Furthermore, away from the scrutiny of IT teams, remote employees may be tempted to use personal devices for work purposes, negating any protections which have been applied to certified hardware. They may work on unsecured networks in places where their passwords could be shoulder-surfed, and, potentially, lose sensitive documents on unencrypted devices between work locations.

This all puts more demand on IT teams to improve security for data and devices in transit, while placing a greater onus on staff to ensure that no risks are taken when it comes to valuable company data. To maximise protection, it’s essential to consider encrypting files both in transit and at rest. This way, if a device is lost, left somewhere, or is stolen, the information it contains cannot be accessed and data integrity is guaranteed.

Zero Trust and a cybersecurity-aware culture

Improving cybersecurity to comply with NIS 2 essentially means protecting all possible points of entry that could be used by an attacker. Creating strong passwords, removing, or disabling all superfluous drivers, services, and software, and setting system updates to install automatically are all sensible approaches. However, Zero Trust is rapidly becoming the standard in security and involves removing the implicit trust given to individuals, tasks, and computer systems.

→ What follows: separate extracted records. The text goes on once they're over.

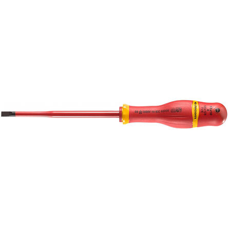 This is Slotted Insulated Screwdriver 5.5 mm Tip 125 mm VDE/1000V Approved manufactured by Facom. The manufacturer part number is AT5.5X125TVE. The built-in exquisite tip is a flat tip.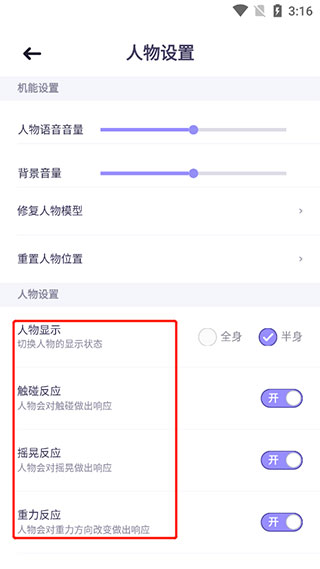 要是对角色的一些默认设置不满意,可以点右边的“我的”,再进“人物设置”里调整。比如人物显示方式、触摸反应、摇晃手机的反应,都能自定义。
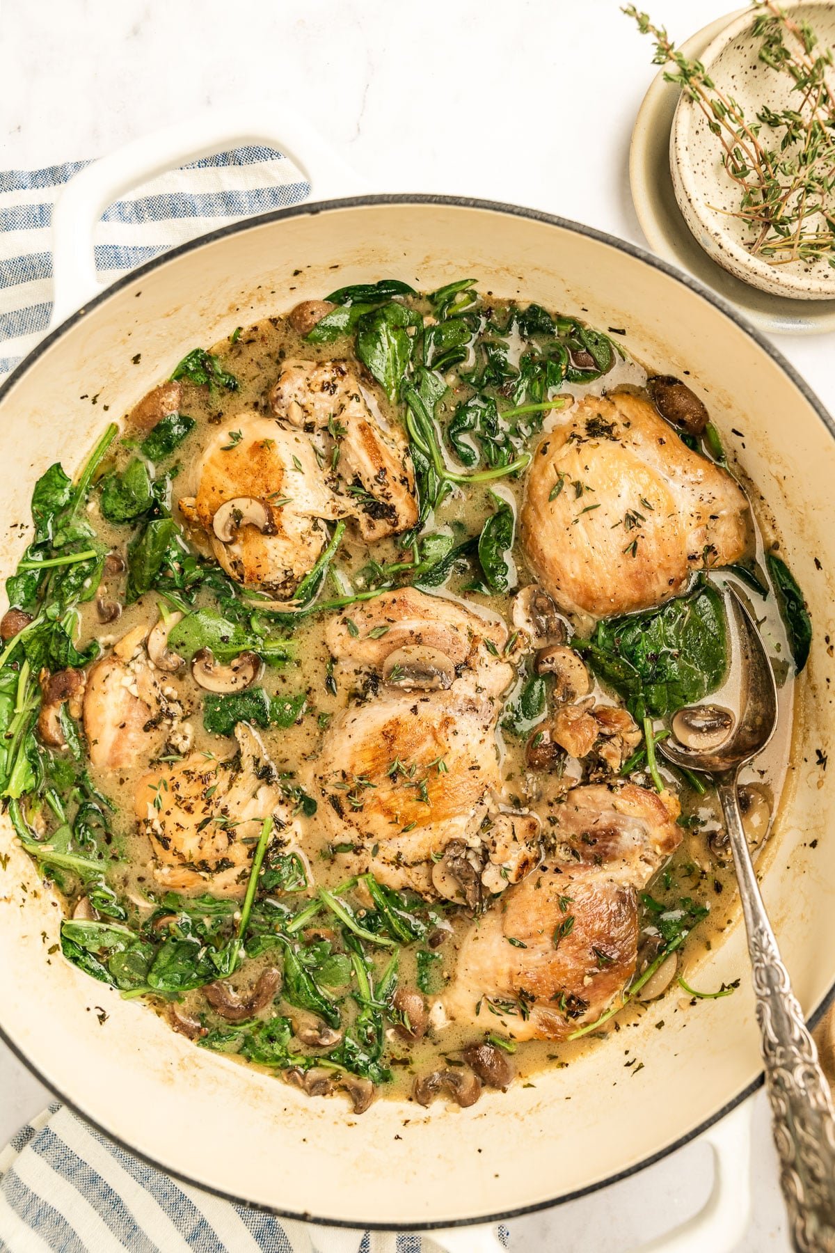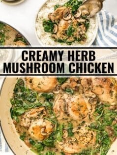 These chicken thighs simmer in a creamy mushroom sauce. Serve over white rice, cauliflower rice, or roasted potatoes.

Applying a Zero Trust policy in line with the National Institute of Standards and Technology’s (NIST) risk management framework, which promotes a never trust and always verify approach to any request for systems access, greatly reduces the likelihood of unauthorised or unauthenticated user access. A Zero Trust approach ensures that any long-term access to information is revoked. This helps companies tighten controls on their networks and requires access only to be granted as and when it is needed. This denies attackers the opportunity to spread widely around a network, or sit for long periods of time undetected, waiting for an opportunity to strike.

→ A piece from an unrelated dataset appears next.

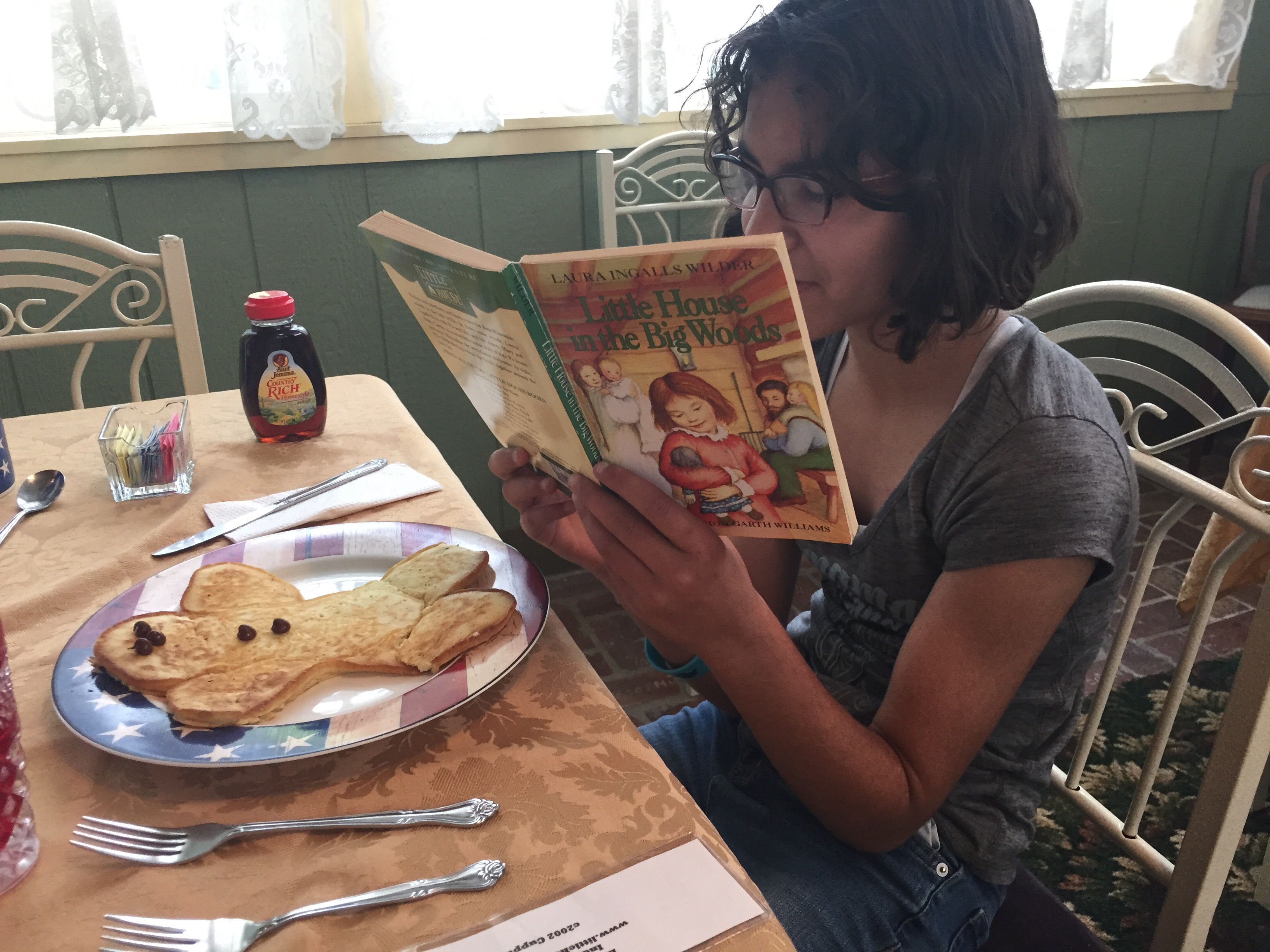 My daughter had ordered Ma’s Pancakes for breakfast. These were shaped into a bear as described in the Little House books. The owners brought a copy of the book with descriptive passage for Emily to read before eating the pancakes. It was a unique moment; one we won’t soon forget.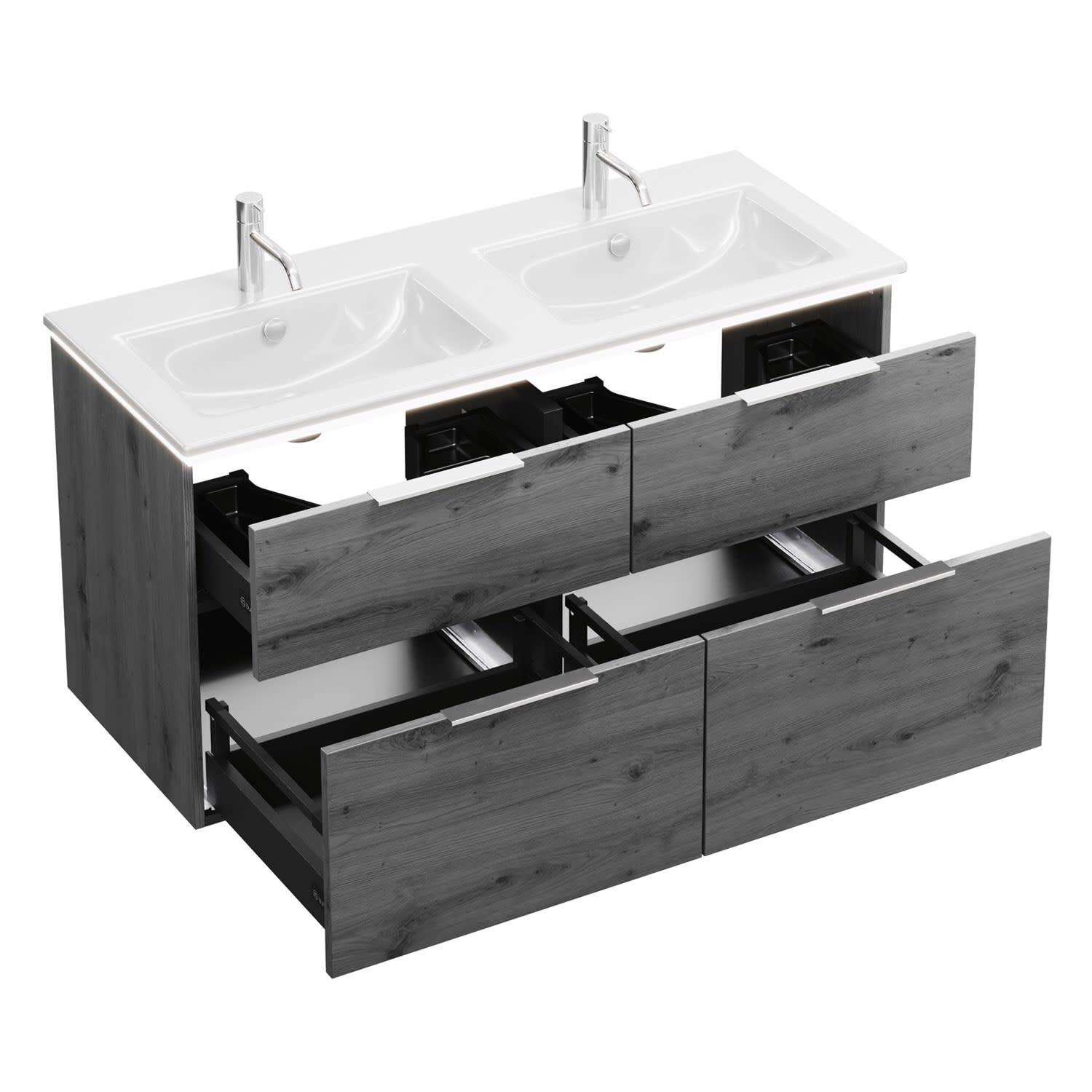 - 2 Schubladen oben, 35 cm tief, mit Siphonausschnitt und Inneneinteilung

Encrypting valuable data to guard against threat

Finally, it’s important to consider the measures that businesses can take to further safeguard data. Dedicated tools, documentation, and training will help mitigate risks and keep products and services up-to-date and protected. Secure encryption is another method, enabling the security of key files and any communications between client apps and servers to be enhanced.

Encryption, even when stored in the cloud, vastly improves the security of company files and can provide the required superior levels of protection. A PIN-authenticated, encrypted USB flash drive or HDD/SSD with on-device crypto-chip and AES-XTS 256-bit encryption will offer complete data integrity, even if brute force action is used. In addition, using a device with an internal microprocessor that is Common Criteria EAL5+ Certified, and encrypting data with a FIPS PUB 197 certified AES 256-bit encrypted encryption key brings into play military grade protection.

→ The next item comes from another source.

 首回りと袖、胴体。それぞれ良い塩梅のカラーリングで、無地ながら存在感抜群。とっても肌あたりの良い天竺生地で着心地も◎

The expanding cybersecurity landscape is bringing with it many new challenges which require innovative responses. Complying with the NIS 2 Directive by taking steps to adhere to principles of Zero Trust, encrypt data, and educate staff as to their responsibilities will help ensure robust cybersecurity. Whether working on or off-site, such an approach will prevent the long-lasting negative impact associated with cyber-attacks and the loss of valuable information, ultimately resulting in safer data.